Parameter estimation of inspiralling compact binaries using 3.5 post-Newtonian gravitational wave phasing: The non-spinning case

TL;DR

This paper analyzes how higher post-Newtonian orders affect parameter estimation of non-spinning inspiralling compact binaries in gravitational wave signals, highlighting improvements and oscillations in accuracy at different PN orders.

Contribution

It provides a detailed study of the impact of extending the PN phasing formula up to 3.5PN on parameter estimation accuracy for non-spinning binaries.

Findings

Higher PN orders improve mass parameter estimates but oscillate with each half-PN step.

Advanced LIGO achieves lower errors for fixed sources due to greater sensitivity.

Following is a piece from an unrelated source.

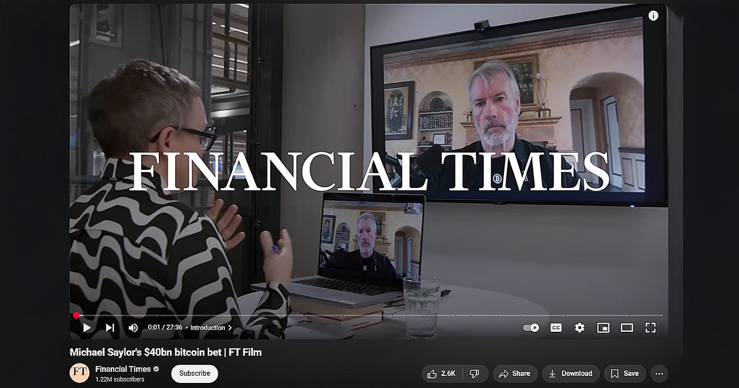 Who is Katie Martin? She is columnist and member of the editorial board at Financial Times. Yesterday, they released the documentary titled Michael Saylor's $40bn bitcoin bet:
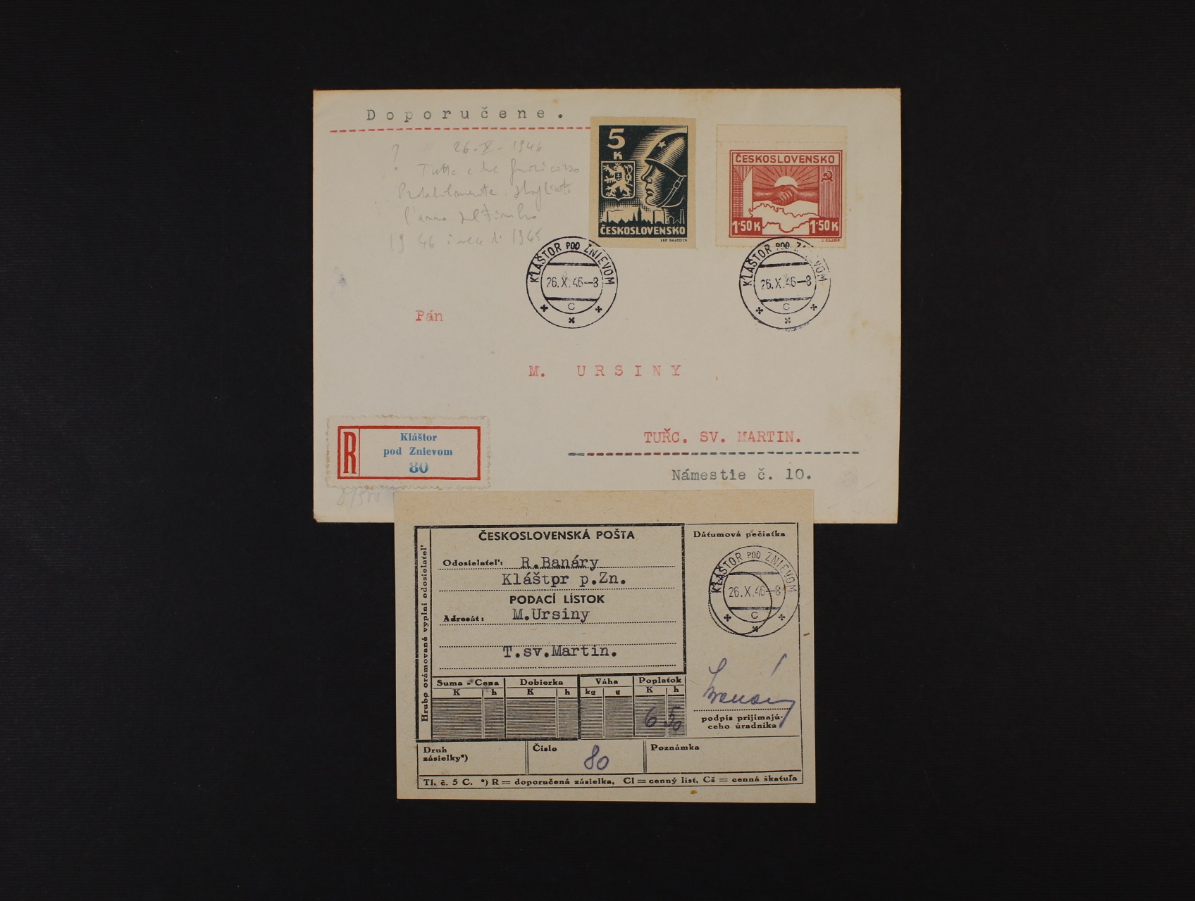 1308 R-dopis do Turč. sv. Martina frank. zn. č. 353 + 355, pod. raz. KLÁŠTOR POD ZNIEVOM 36.10.46, prošlé po platnosti zn. - filatelistický dopis 300

Parameter estimation errors are smaller for VIRGO at fixed SNR.

Abstract

(Abridged) We revisit the problem of parameter estimation of gravitational-wave chirp signals from inspiralling non-spinning compact binaries in the light of the recent extension of the post-Newtonian (PN) phasing formula to order $(v/c)^7$ beyond the leading Newtonian order. We study in detail the implications of higher post-Newtonian orders from 1PN up to 3.5PN in steps of 0.5PN ($\sim v/c$), and examine their convergence. In both initial and advanced detectors the estimation of the chirp mass (${\cal M}$) and symmetric mass ratio ($\eta$) improve at higher PN orders but oscillate with every half-a-PN order. We compare parameter estimation in different detectors and assess their relative performance in two different ways: at a {\it fixed SNR,} with the aim of understanding how the bandwidth improves parameter estimation, and for a {\it fixed source}, to gauge the importance of sensitivity. Errors in parameter estimation at a fixed SNR are smaller for VIRGO than for both initial and advanced LIGO. However, for sources at a fixed distance it is advanced LIGO that achieves the lowest errors owing to its greater sensitivity. Finally, we compute the amplitude corrections due to the `frequency-sweep' in the Fourier domain representation of the waveform within the stationary phase approximation and discuss its implication on parameter estimation.